- _RECORDS TO USE_
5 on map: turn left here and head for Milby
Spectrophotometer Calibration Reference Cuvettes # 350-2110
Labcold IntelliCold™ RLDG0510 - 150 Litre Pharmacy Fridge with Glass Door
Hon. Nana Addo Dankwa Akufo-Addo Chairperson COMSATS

---

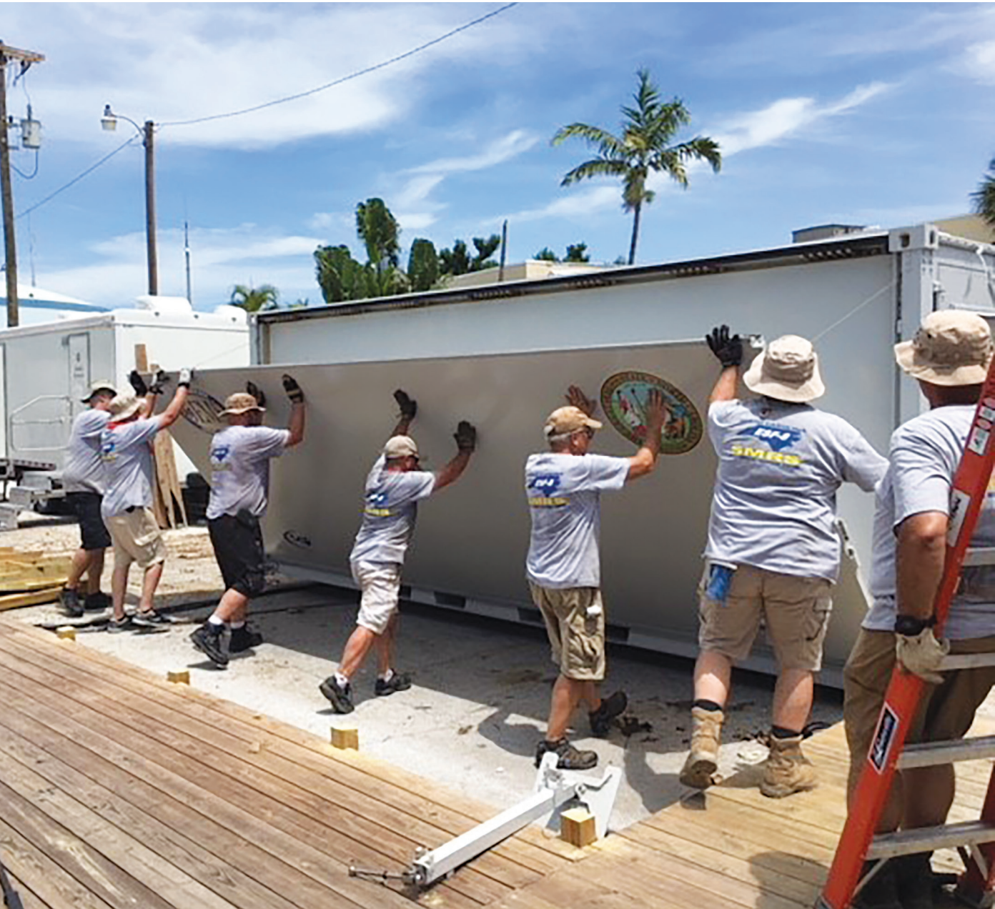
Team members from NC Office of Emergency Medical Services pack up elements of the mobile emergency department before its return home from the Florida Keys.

- _GOAL OF THE EXERCISE_
Take the stretch of lines above from the one containing "Labcold IntelliCold™ RLDG0510" through the one containing "Hon. Nana Addo" and repeat it exactly, adding no other line.

- _ANSWER SPACE_
Labcold IntelliCold™ RLDG0510 - 150 Litre Pharmacy Fridge with Glass Door
Hon. Nana Addo Dankwa Akufo-Addo Chairperson COMSATS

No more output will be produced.